The Lord did not come into the world to bring peace but the sword (cf. Mt 10:24).  Far too often we associate "peace" with good health, or wealth, or having friends and no enemies.  But as I mentioned above, the Saints never experienced perfect peace, nor did they experience a perfect life.  What they did experience is Jesus Christ. 

The name Christian reminds us of who we should be like. It also reminds us of who we should not be like. 

Remain faithful.  Stay calm.  Persevere.

P.S.  My dear friends, THANK YOU SO MUCH for keeping me in your prayers while I was on retreat.  I would also like to thank all my dear friends and students for having agreed to write (sometimes with very short notice) a meditation during my absence.  THANK YOU SO MUCH! 


  1. Fr. Alfonse,
    Everyone's contribution to your blog was appreciated during your retreat. This was a great idea.
    Your meditation for this morning, was on point. :)
    Rosa E.

  2. Welcome Back, Father Alfonse! I agree: Great idea to invite guest bloggers. I enjoyed reading the different perspectives. :)

    When I read the title of this meditation, the British saying "Keep Calm and Carry On" came to mind. We should keep calm when difficult situations arise and "carry on" by remaining faithful in God no matter how things turn out (good or bad). Sometimes our perseverance may not always lead to the result we want; however, we should accept it as God's will.

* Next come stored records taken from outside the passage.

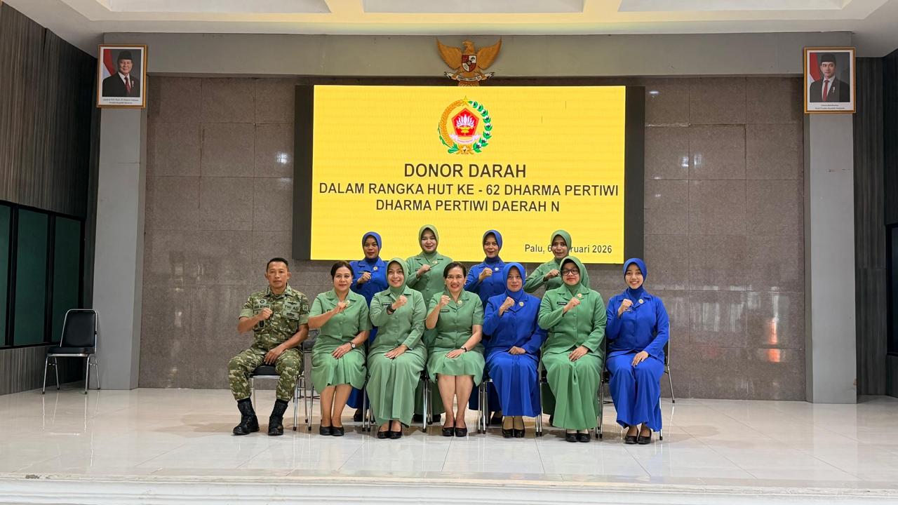 Media Central, Palu — Kodam XXIII/Palaka Wira bersama Persit Kartika Chandra Kirana PD XXIII/Palaka Wira menggelar kegiatan donor darah dalam rangka memperingati HUT ke-62 Dharma Pertiwi, dan HUT ke-80 Persit Kartika Chandra Kirana, Jumat (6/2/2026).
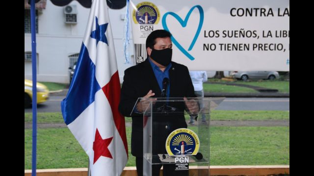 El Procurador General de la Nación, Eduardo Ulloa Miranda, junto a Dayra Campos, de la Comisión Contra la Trata de Personas del Ministerio de Seguridad y Lourdes Gutiérrez de la Oficina de las Naciones Unidas Contra la Droga y el Delito (UNODC), realizó el encendido de luces del edificio sede de la Procuraduría General de la Nación, como acto simbólico que da inicio a las actividades que desarrolla el Ministerio Público (MP) en septiembre, mes de la campaña “Corazón Azul contra la Explotación Sexual y Trata de Personas”.
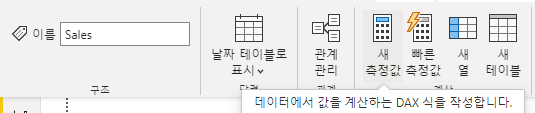 로드한 테이블을 클릭하여 새 측정값을 생성

    Can you imagine if a "Crossless" Christianity truly existed? Wow. If nobody had to suffer or persevere in tough times, our world would be a boring place. I think each obstacle we face on earth is a testament to the power of Our Lord. He loves and cares for each one of us. Prayer is such a wonderful spiritual tool for our overall health and well-being.

    Have a great week!


  3. Father,
    Welcome back from retreat... thank you for your consistency and praise God for the grace to keep you hooked into his word daily. The fact that you have maintained since those beginning days is a gift given your demanding schedule!
    There is unprecedented fuel and fire here daily that you load up with and pour out to everyone. May you continue to cooperate with the Holy Sprit, God keep you plugged in, Mary wrap your mantle around Father. Those who read Fathers meditations...KEEP UP THOSE PRAYERS FOR OUR PRIESTS!!!! If you are reading this... pray one hail Mary for them.

  4. I think it was St. Augustine who once said, "Pray for anything that is not sinful." Yes, pray for what you want, but always keep in mind the Lord has plans for you as well.

    I know that I am no angel and never claimed to be. I pray for God’s will but deliberately and selfishly do my own. Father, you have helped me see this in this last week’s meditations. I fear I’m losing something great and so I cling to it. I know I have to let it go so that God may let me keep only what He wants me to keep. I don’t know why I do what I do not want to do, and don’t do what I wished that I had. Please pray for me. I know I can make it by praying. This is a mixed up world, and I am more of this world instead of His World.